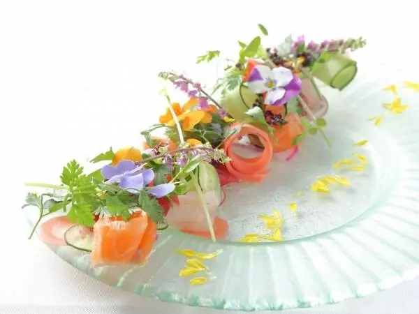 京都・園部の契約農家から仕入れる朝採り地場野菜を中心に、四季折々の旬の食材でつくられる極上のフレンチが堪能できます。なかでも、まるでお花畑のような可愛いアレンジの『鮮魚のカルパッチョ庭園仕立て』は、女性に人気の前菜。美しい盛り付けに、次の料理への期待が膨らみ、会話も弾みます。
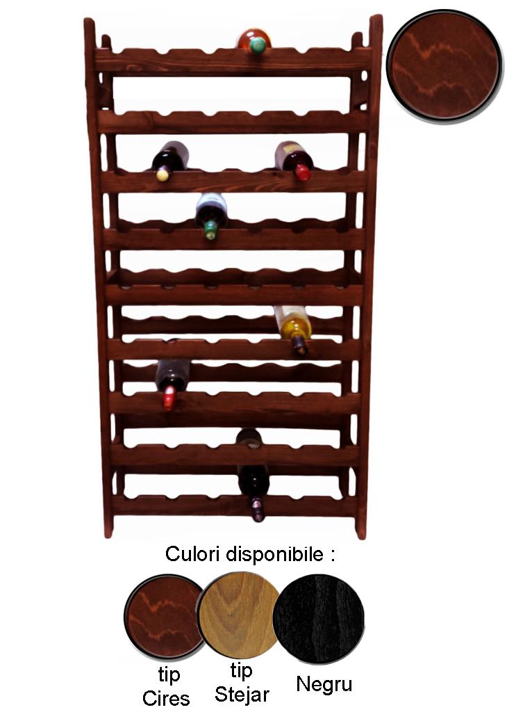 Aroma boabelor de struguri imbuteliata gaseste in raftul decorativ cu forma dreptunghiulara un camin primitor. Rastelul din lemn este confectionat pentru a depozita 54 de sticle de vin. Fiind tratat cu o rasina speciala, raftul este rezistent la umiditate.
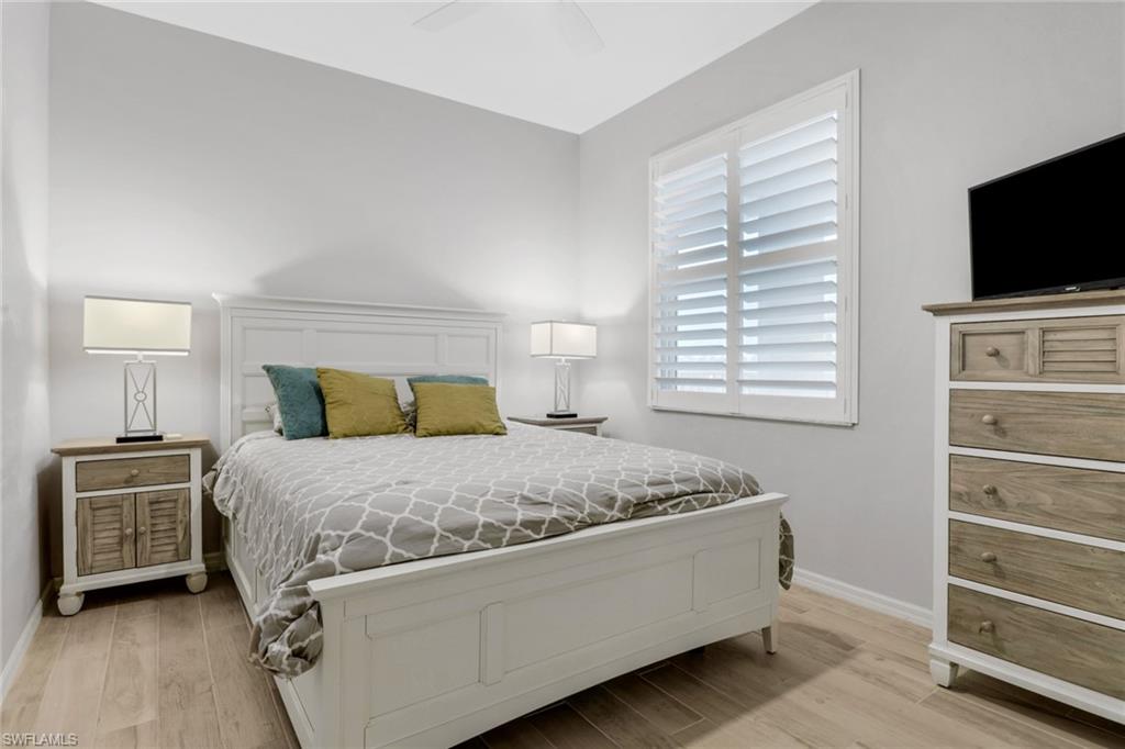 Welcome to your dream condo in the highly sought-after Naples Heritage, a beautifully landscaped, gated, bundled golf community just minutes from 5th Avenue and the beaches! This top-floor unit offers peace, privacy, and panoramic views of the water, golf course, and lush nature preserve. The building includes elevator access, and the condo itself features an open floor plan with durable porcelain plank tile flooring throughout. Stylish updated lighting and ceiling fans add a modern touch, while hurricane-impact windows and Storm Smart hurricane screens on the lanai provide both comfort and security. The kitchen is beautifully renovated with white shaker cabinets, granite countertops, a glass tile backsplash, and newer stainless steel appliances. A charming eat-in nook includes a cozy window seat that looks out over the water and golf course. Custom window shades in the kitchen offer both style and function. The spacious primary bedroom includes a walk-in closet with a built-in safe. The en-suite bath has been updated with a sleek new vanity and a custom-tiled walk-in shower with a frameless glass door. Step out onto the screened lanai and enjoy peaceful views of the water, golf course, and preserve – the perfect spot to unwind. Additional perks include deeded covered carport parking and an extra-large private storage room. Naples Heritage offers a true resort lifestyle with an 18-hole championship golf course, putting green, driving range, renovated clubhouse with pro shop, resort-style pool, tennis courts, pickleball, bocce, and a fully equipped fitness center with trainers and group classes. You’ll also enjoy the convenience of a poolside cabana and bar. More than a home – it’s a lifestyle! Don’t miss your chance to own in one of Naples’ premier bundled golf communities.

Problem description: Return exactly the lines of the data, beginning with the first and ending with the line containing "Aroma boabelor de". Skip the pictures.

Output below:
 京都・園部の契約農家から仕入れる朝採り地場野菜を中心に、四季折々の旬の食材でつくられる極上のフレンチが堪能できます。なかでも、まるでお花畑のような可愛いアレンジの『鮮魚のカルパッチョ庭園仕立て』は、女性に人気の前菜。美しい盛り付けに、次の料理への期待が膨らみ、会話も弾みます。
 Aroma boabelor de struguri imbuteliata gaseste in raftul decorativ cu forma dreptunghiulara un camin primitor. Rastelul din lemn este confectionat pentru a depozita 54 de sticle de vin. Fiind tratat cu o rasina speciala, raftul este rezistent la umiditate.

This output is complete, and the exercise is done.